"Every broadcast delivered from these services can easily be stream-ripped by the public, downloaded to a user's hard drive on a song by song basis and uploaded onto iPhones and P2P networks," says MRT CEO Hank Risan. "This type of piracy is in clear violation of the performance rights granted to these distributors of copyrighted material under Section 114. MRT believes that the Librarian of Congress will exercise his fiduciary duty and put a stop to this rampant form of digital piracy by immediately revoking their licenses."
The letter says these webcasters are willfully violating their statutory internet broadcasting licenses by distributing digital content as an interactive download service and by ignoring their statutory obligations under the law. MRT says that all of the webcasters distribute digital content over systems that "avoid existing and effective technical measures designed to protect copyrighted content from unauthorized downloading, copying and re-distribution or use by recipients."

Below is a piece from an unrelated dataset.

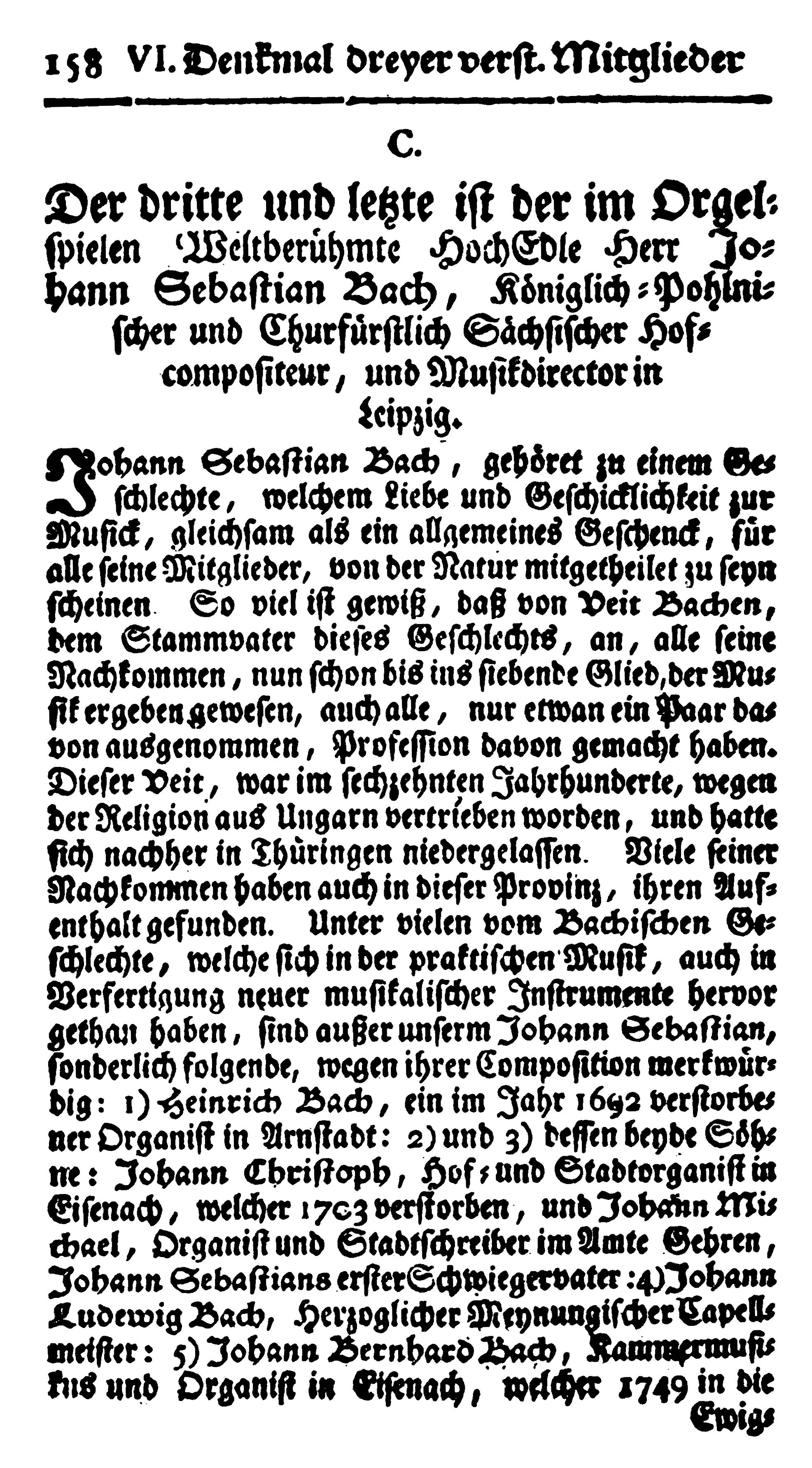 Nekrolog of Johann Sebastian Bach, Page 158 of Mizler's Musikalische Bibliothek, Vol IV, high resolution
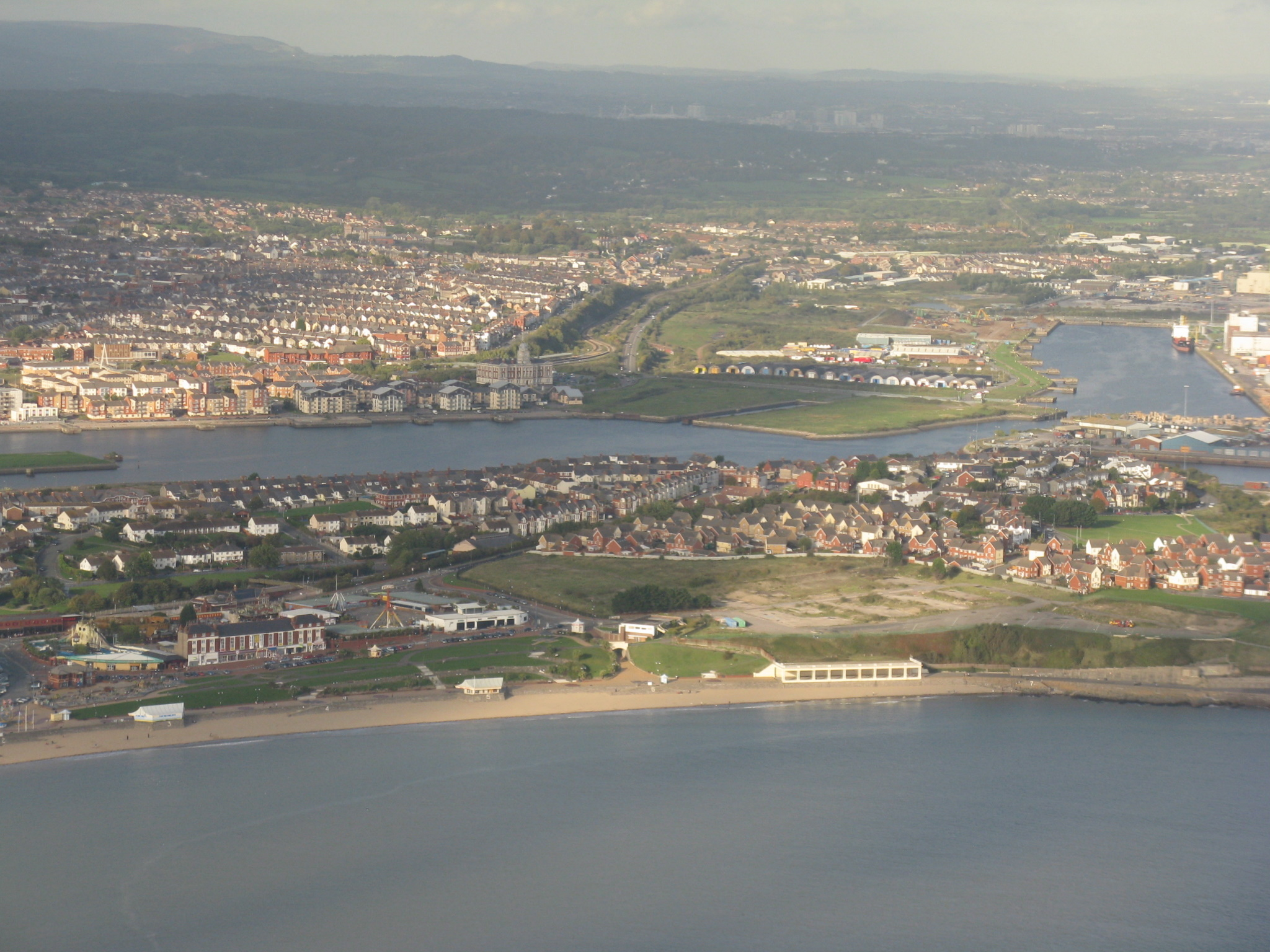 Barry Island, Barry, Vale of Glamorgan

MRT claims that the webcasters incorporate or accommodate stream ripping capability within their systems and that "literally thousands of different stream ripping devices are sanctioned" by them. By transmitting copyrighted matter through such systems, the webcasters "enable the recipients of their unprotected transmitted sound recordings to select particular sound recordings that can be downloaded and converted into perfect digital phonorecords." These digital phonorecords are then capable of being used, re-distributed or re-transmitted-all without authority from the copyright owners or payment of royalties, the letter adds.
Of course, MRT makes SeCure X1, copy control technology that eliminates stream ripping and serial copying of digital content. The company wants Apple, Microsoft, Real Networks and other webcasters to implement the technology to protect American Intellectual Property. MRT claims that and that all of the devices from the above-mentioned companies "must either be immediately redesigned or removed from the market."